= Viola Concerto (Lieberson) =

Viola concerto by Peter Lieberson

The Viola Concerto is a composition for solo viola and orchestra by the American composer Peter Lieberson. The music was commissioned by the Toronto Symphony Orchestra and the Symphony Nova Scotia for Steven Dann, the principal violist of the Toronto Symphony.
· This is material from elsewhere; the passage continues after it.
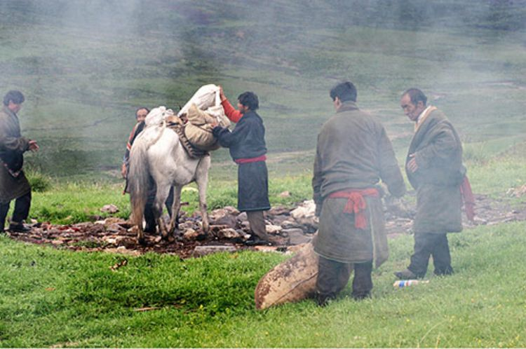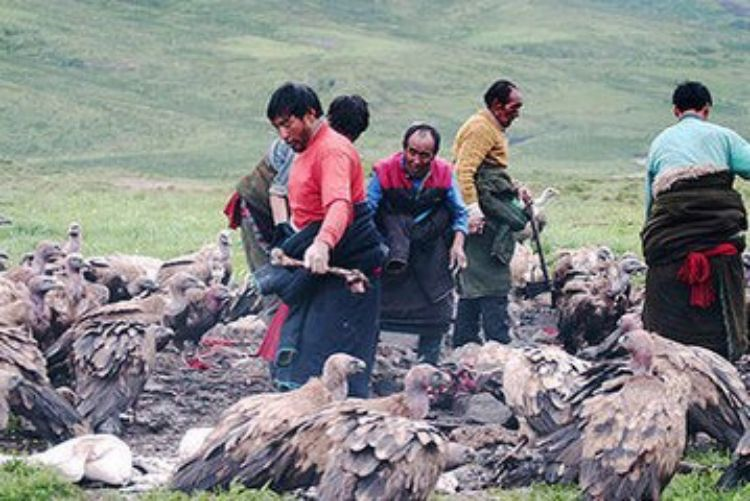 天葬是玛曲牧区最普遍的葬法,人去世后将尸体卷曲起来,或用绳捆成弯形,用哈达包住口,黄布或红布盖之,请活佛僧人念经,放于帐篷或房屋的一角,并用布料隔起来。停丧时间长短一种时请僧人打卦;第二种是请懂历算的老人看星相,算时间之后才能送葬;第三种是择吉日送葬。停葬时间要在尸体前几本经书、放一碗茶,点几盏酥油灯,昼夜长明。离寺院近或着有条件的人家,会请僧人念经。送葬,往往是天不亮就出发,一般子孙不送葬。太阳出来前一切工作准备完毕。尸体用马或牦牛驮运,一般是横搭在马或牦牛背上;或绑在一侧,另一侧坠以其它东西使其平衡。一般天葬在“惹甲巴”(天葬者)的主持下将尸体运至天葬台上,附近煨起桑,藏语叫“饲尔”,浓烟骤起。随行念经的僧人吹起长筒铜号,呜呜的声音,悠扬而远,唤秃鹫来食。秃鹫听到声音,群飞前来,环山如人而立。此时“惹甲巴”或死者亲属扒光死者的衣服,一般从背部下刀,先割碎肉,再将砸碎的骨头及脑浆、头发等拌上糌粑、酥油,让秃鹫啄食。喂鹫时,先给内脏、其次骨头,最后肌肉。秃鹫食尸时,先待其中之王食起死者的眼睛后,群鹫方才食尸。如果死者的整个尸体被全部食光,就意味着生前积善行德,已经“升天”。若是时过数日仍未食尽,家人尚需请僧人念经消孽,再行超度。送葬回来后先用桑叶水洗手,再用奶水洗手及脸。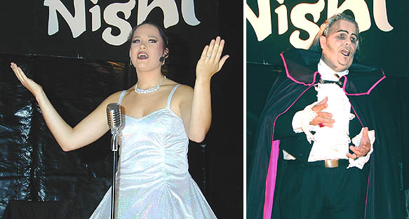 Einmaliges künstlerisches Ereignis in Waldbrunn Eine fantastische Musical-Night erlebte in Waldbrunn ein restlos begeistertes Publikum, bei dem Sonja Westermann - im Bild als Evita Peron vom Musical Evita - und Wolfgang Rick - im Bild als Graf Krolok vom Musical "Tanz der Vampire" - Glanzlichter setzten. (Fotos:Baumgartner)(tb) Solch ein musikalisches Ereignis hatte man in Waldbrunn wohl noch nicht erlebt. Rund 380 Musical-Fans strömten gestern in die bis auf den letzten Platz besetzte Turnhalle an der Winterhauch-Schule Waldbrunn. Rund 60 Besucher mussten sogar außen vor bleiben. Hier luden ausgebildete Künstler aus der Region und die Winterhauchschule zu einer Musical-Night ein. Insbesondere auf Sonja Westermann war das Publikum gespannt. Sie ist eine ehemalige Schülerin der Winterhauchschule und absolviert zur Zeit eine Ausbildung zur klassischen Sopranistin. Begleitet wurde sie von Wolfgang Rick, mit dem sie schon seit drei Jahren als eingespieltes Team auf der Bühne steht und dessen Sohn Benjamin, der eine Ausbildung zum Bariton macht. Beide kommen aus Gundelsheim. Für die Künstler selbst, die meist auf größeren Bühnen stehen, war dieser Auftritt ebenfalls ein besonderes Ereignis, weil selten sich so viele Kinder im Publikum befinden. Neben einem bunten Strauß aus vielen bekannten Songs der Musicals "Cats", "Phantom der Oper", "Jekyll & Hide", "Mozart", "Elisabeth", "Miss Saigon" oder "Tanz der Vampire" wurden dem schon vom Gesang her restlos begeisterten Publikum auch bezaubernde Choreografien und tolle, auf die jeweiligen Musicals abgestimmte Kostüme geboten. Auch die Künstler hatten sich auf diesen Abend gefreut, weil man nun auch einmal im Heimatort von Sonja Westermann auftreten konnte.

It was completed in 1992, though Lieberson later revised the work in 2003. The work is dedicated to Steven Dann.

==Composition==

===Structure===
The viola concerto has a duration of roughly 18 minutes and is composed in three movements:

===Instrumentation===
The work is scored for solo viola and an orchestra consisting of two flutes (doubling piccolo), oboe, cor anglais, two clarinets, two bassoons, two horns, two trumpets, two trombones, tuba, timpani, and strings.

==Reception==
Reviewing a 2014 recording of the work, Andrew Clements of The Guardian described the viola concerto as a "relaxed, almost neoromantic" piece and called it "beautifully crafted and elegantly refined." Musical America also praised the piece, writing, "The Viola Concerto is an excellent example of a composer restricting himself to a particular palette, yet allowing a plethora of permutations from it to emerge." "This is one of my favorite recordings of 2014."

==Recording==
A recording of the Viola Concerto, featuring a performance by the violist Roberto Díaz and the Odense Symphony Orchestra under the direction of Scott Yoo, was released on the album "The Music of Peter Lieberson, Vol. 3" through Bridge Records on June 3, 2014. The album also features a recording of Lieberson's Piano Concerto No. 3.